Problem details:
Every line of the listing below should be written out exactly, minus its images.

Source material:
• • • •

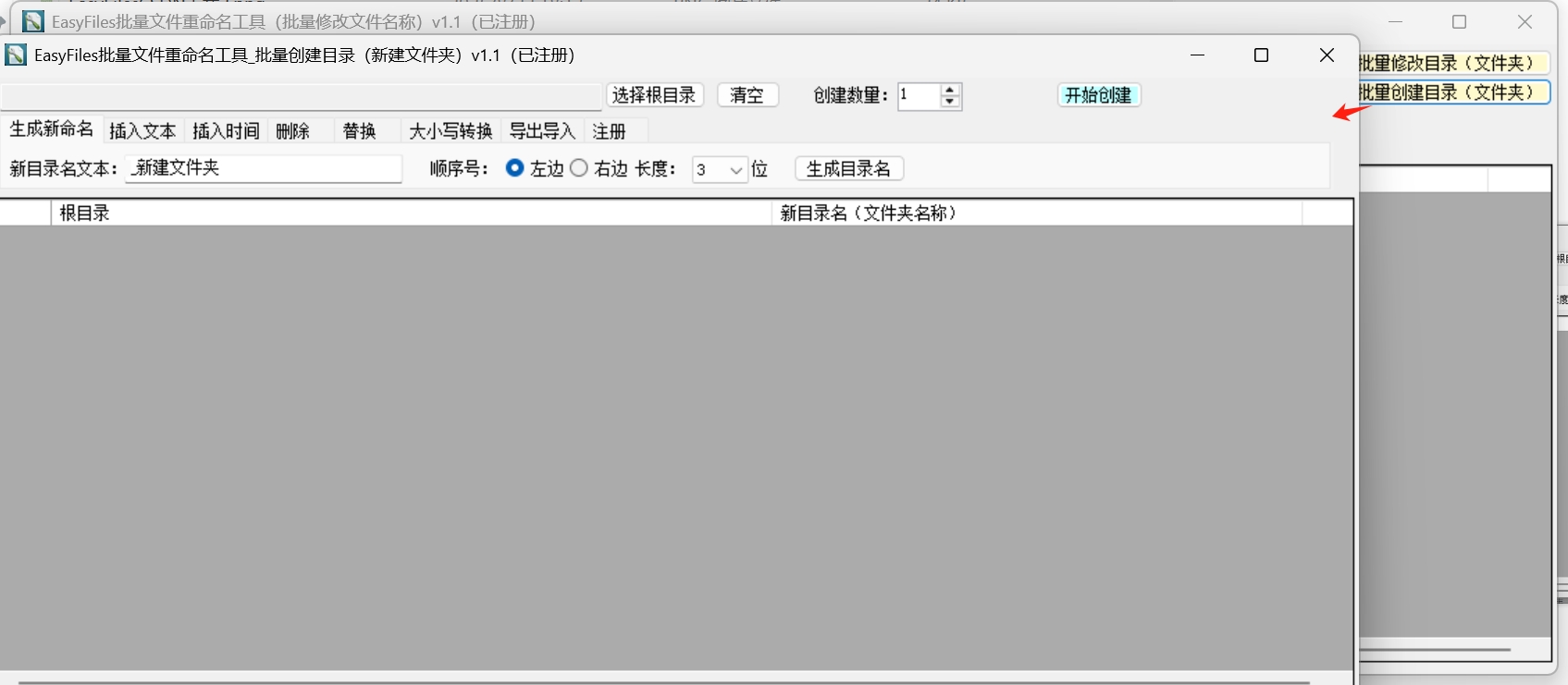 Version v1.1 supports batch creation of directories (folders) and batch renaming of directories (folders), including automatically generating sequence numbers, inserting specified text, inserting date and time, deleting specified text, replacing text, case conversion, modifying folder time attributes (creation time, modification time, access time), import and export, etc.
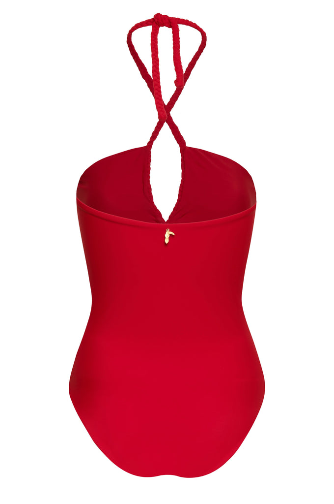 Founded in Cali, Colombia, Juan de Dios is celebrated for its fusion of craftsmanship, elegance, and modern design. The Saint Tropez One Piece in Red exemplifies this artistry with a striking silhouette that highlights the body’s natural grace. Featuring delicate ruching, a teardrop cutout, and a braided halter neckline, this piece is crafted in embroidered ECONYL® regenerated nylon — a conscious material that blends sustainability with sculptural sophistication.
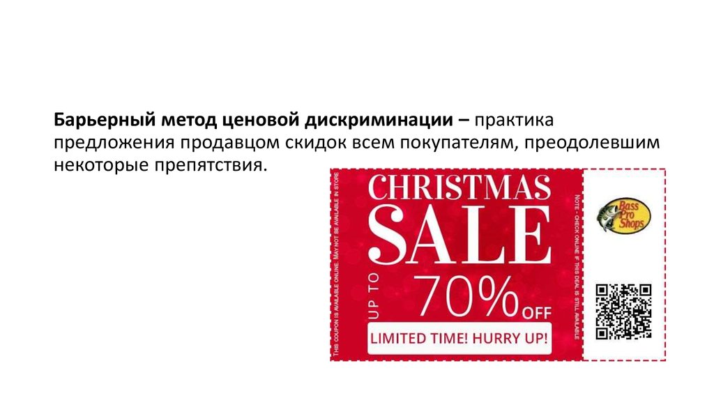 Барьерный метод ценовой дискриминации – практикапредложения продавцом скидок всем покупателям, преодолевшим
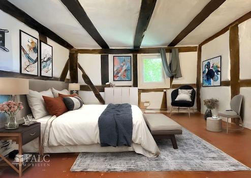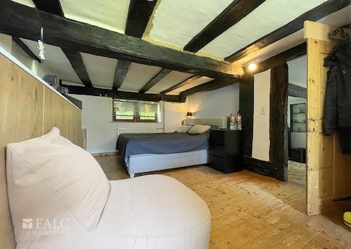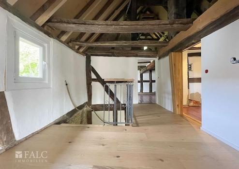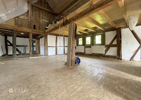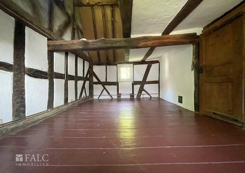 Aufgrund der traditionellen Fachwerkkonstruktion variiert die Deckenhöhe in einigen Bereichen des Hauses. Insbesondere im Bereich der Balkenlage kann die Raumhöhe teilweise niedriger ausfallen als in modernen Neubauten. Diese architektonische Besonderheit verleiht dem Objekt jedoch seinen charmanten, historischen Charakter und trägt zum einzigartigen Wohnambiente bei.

• • • •

Result:
 Version v1.1 supports batch creation of directories (folders) and batch renaming of directories (folders), including automatically generating sequence numbers, inserting specified text, inserting date and time, deleting specified text, replacing text, case conversion, modifying folder time attributes (creation time, modification time, access time), import and export, etc.
 Founded in Cali, Colombia, Juan de Dios is celebrated for its fusion of craftsmanship, elegance, and modern design. The Saint Tropez One Piece in Red exemplifies this artistry with a striking silhouette that highlights the body’s natural grace. Featuring delicate ruching, a teardrop cutout, and a braided halter neckline, this piece is crafted in embroidered ECONYL® regenerated nylon — a conscious material that blends sustainability with sculptural sophistication.
 Барьерный метод ценовой дискриминации – практикапредложения продавцом скидок всем покупателям, преодолевшим
 Aufgrund der traditionellen Fachwerkkonstruktion variiert die Deckenhöhe in einigen Bereichen des Hauses. Insbesondere im Bereich der Balkenlage kann die Raumhöhe teilweise niedriger ausfallen als in modernen Neubauten. Diese architektonische Besonderheit verleiht dem Objekt jedoch seinen charmanten, historischen Charakter und trägt zum einzigartigen Wohnambiente bei.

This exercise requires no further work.